Klarifikasi itu disampaikan Junaidi sebagai bentuk hak jawab atas informasi yang telah beredar di ruang publik. Menurutnya, lahan yang dipersoalkan berada di wilayah Arung Sebadek dan telah ia kelola sejak tahun 2000, jauh sebelum isu hutan lindung ramai diperbincangkan.
“Sejak awal itu kebun karet, cempedak, dan petai. Karena karet sudah tua dan tidak produktif, pada 2021 diganti dengan durian. Tanaman buah tetap dipelihara,” ujar Junaidi.
Ia menjelaskan, dalam perjalanannya tanaman buah tersebut kerap rusak akibat gangguan binatang pemakan buah. Untuk menjaga keberlanjutan kebun dan meningkatkan produktivitas, pada 2024 lahan itu kemudian disisipi tanaman kelapa sawit. Luas keseluruhan kebun tersebut, kata dia, tidak lebih dari tiga hektare.
Junaidi juga memaparkan asal-usul lahan yang dikelolanya. Tanah tersebut diperoleh melalui pembelian dari sejumlah ahli waris almarhum HM Siradj, dan diyakininya berada di luar batas kawasan Hutan Lindung Gunung Majau Raja Mangor.
“Sepemahaman saya, batas hutan lindung itu meliputi Batu Panjang, Gadok, Cangal, Seluang, But Keranji sampai Pal 12 Makdare yang berbatasan dengan Desa Sebawi. Lokasi kebun saya berada di luar kawasan itu,” jelasnya.
Ia menambahkan, keyakinan tersebut bukan tanpa dasar.
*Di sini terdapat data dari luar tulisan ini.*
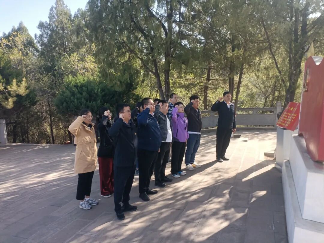 在宝塔山革命旧址,大家重温入党誓词,缅怀无产阶级革命家的丰功伟绩。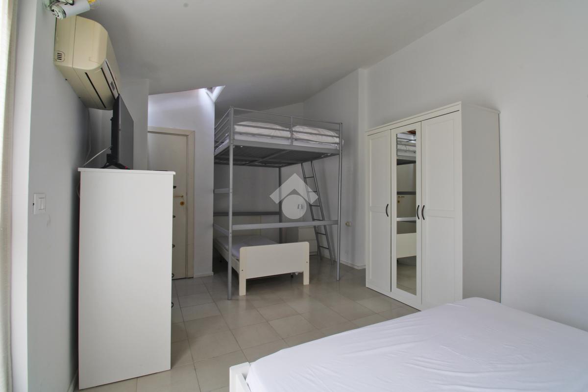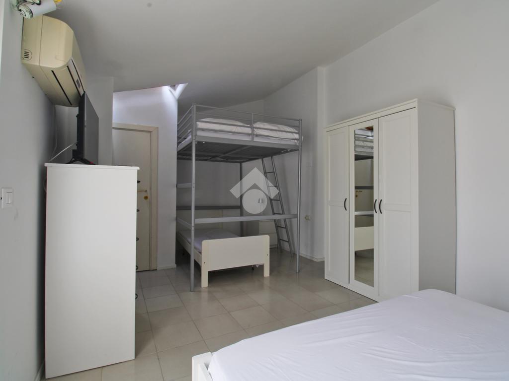 Ritornando nella zona giorno, una scala conduce al piano superiore, dove troviamo la seconda camera che accoglie un letto matrimoniale e un pratico letto a castello, ideale per ospitare famiglie o amici. Anche qui, troverete un bagno aggiuntivo e un terrazzo che offre una vista mozzafiato sul Monte Conero, una cornice perfetta per iniziare la giornata con una nota di bellezza naturale.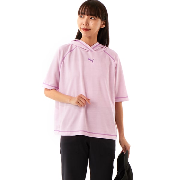裾や袖口に施されたラインと胸元のプーマキャットアイコンがスポーティーな、半袖のフーディ。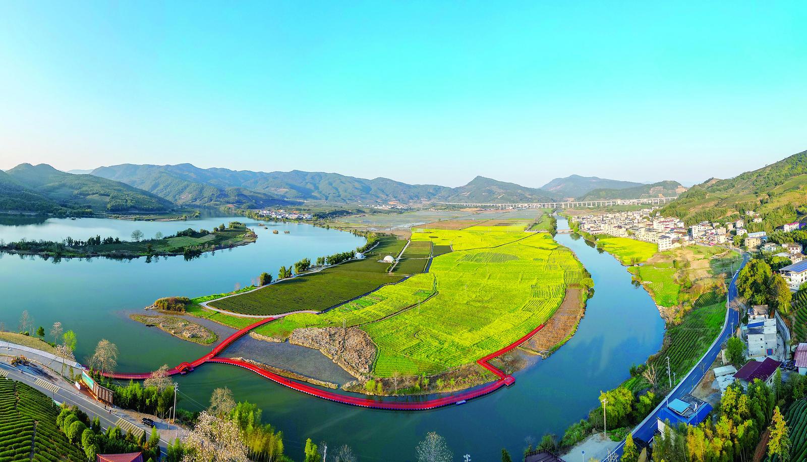 近日,崇阳溪漫游道沿途的武夷山市兴田镇南岸村油菜花开放,花海与溪水、村庄相映成趣,构成一幅春日田园的美丽画卷。近年来,我市坚持生态保护第一,统筹保护和发展,围绕保护好、建设好、发展好系统发力,持续探索生态保护、绿色发展与民生改善相统一的美丽乡村建设路径,绘就人与青山两不负的壮美画卷。 (张行健 摄)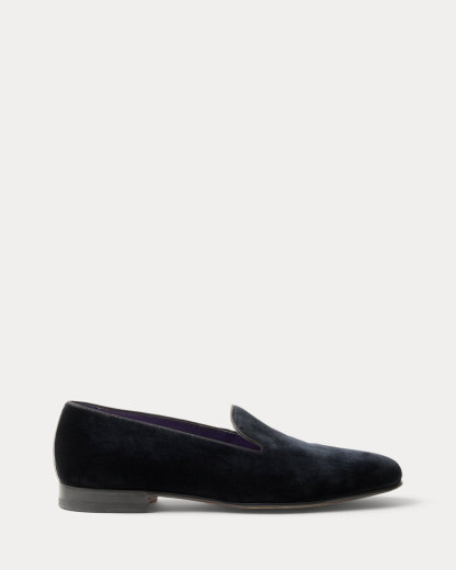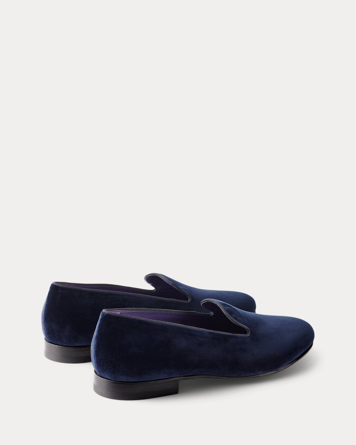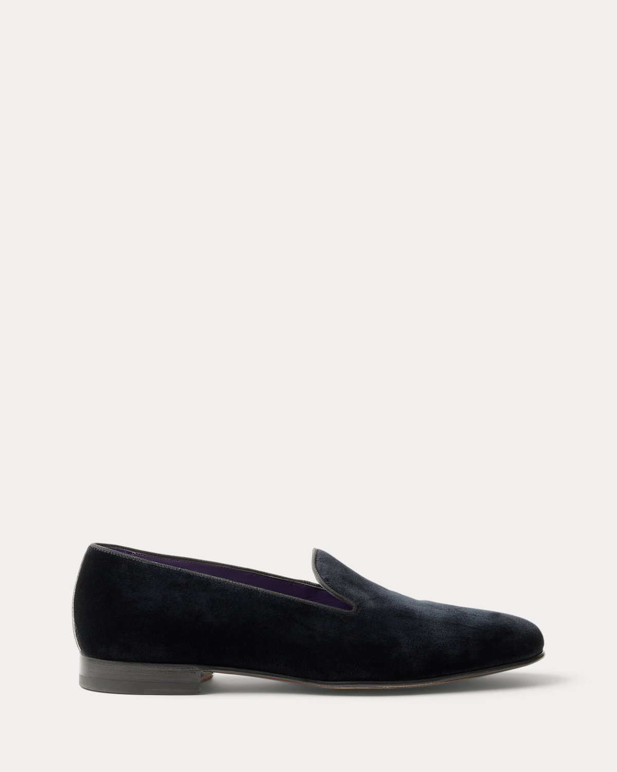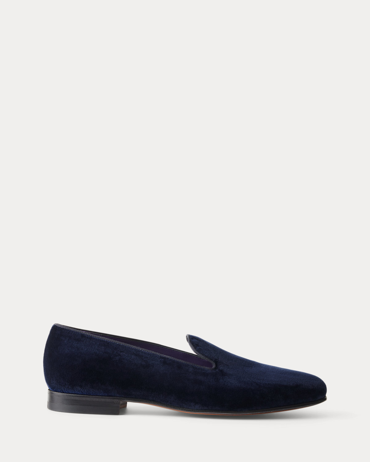 The Alonzo slipper blends traditional Italian craftsmanship with sleek, modern styling. This elegant style is realized in cotton velvet with tonal grosgrain piping.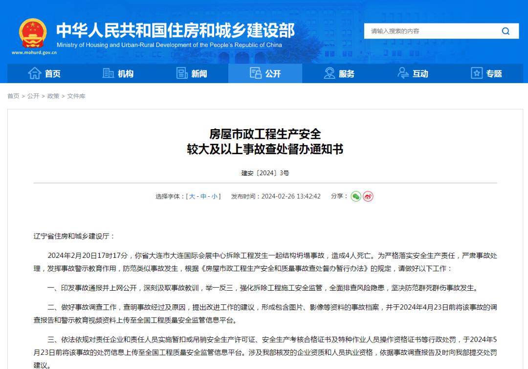 2月26日,住建部网站发布《房屋市政工程生产安全较大及以上事故查处督办通知书》。其中显示,2024年2月20日17时17分,辽宁省大连市大连国际会展中心拆除工程发生一起结构坍塌事故,造成4人死亡。通知书要求,辽宁省住房和城乡建设厅要印发事故通报并上网公开,深刻汲取事故教训,举一反三,强化拆除工程施工安全监管,全面排查风险隐患,坚决防范群死群伤事故发生。要做好事故调查工作,查明事故经过及原因,提出改进工作的建议,形成包含图片、影像等资料的事故档案,并于2024年4月23日前将该事故的调查报告和警示教育视频资料上传至全国工程质量安全监管信息平台。要依法依规对责任企业和责任人员实施暂扣或吊销安全生产许可证、安全生产考核合格证书及特种作业人员操作资格证书等行政处罚,于2024年5月23日前将该事故的处罚信息上传至全国工程质量安全监管信息平台。涉及住建部核发的企业资质和人员执业资格,依据事故调查报告及时向住建部提交处罚建议。

Berdasarkan Surat Keterangan Pemerintah Desa Sempalai Sebedang Nomor 590.2006/333/2018, lahan perkebunan yang dimilikinya di Arung Sebadek dinyatakan berada di luar kawasan Hutan Lindung Gunung Majau.
Meski demikian, Junaidi menyampaikan permohonan maaf apabila pemanfaatan lahannya tersebut memunculkan persepsi negatif di tengah masyarakat, seolah-olah telah merusak lingkungan atau mengganggu ekosistem.
“Tidak ada niat saya merusak lingkungan. Tujuan saya semata agar lahan bisa lebih produktif dan bermanfaat,” ujarnya.
Catatan Redaksi:
Redaksi LIDIK.co memuat klarifikasi ini sebagai bentuk pemenuhan hak jawab dan prinsip keberimbangan sebagaimana diatur dalam Undang-Undang Nomor 40 Tahun 1999 tentang Pers. Redaksi tetap membuka ruang konfirmasi dan penjelasan dari instansi teknis maupun pihak terkait lainnya guna memastikan informasi yang diterima publik tetap utuh, akurat, dan berimbang.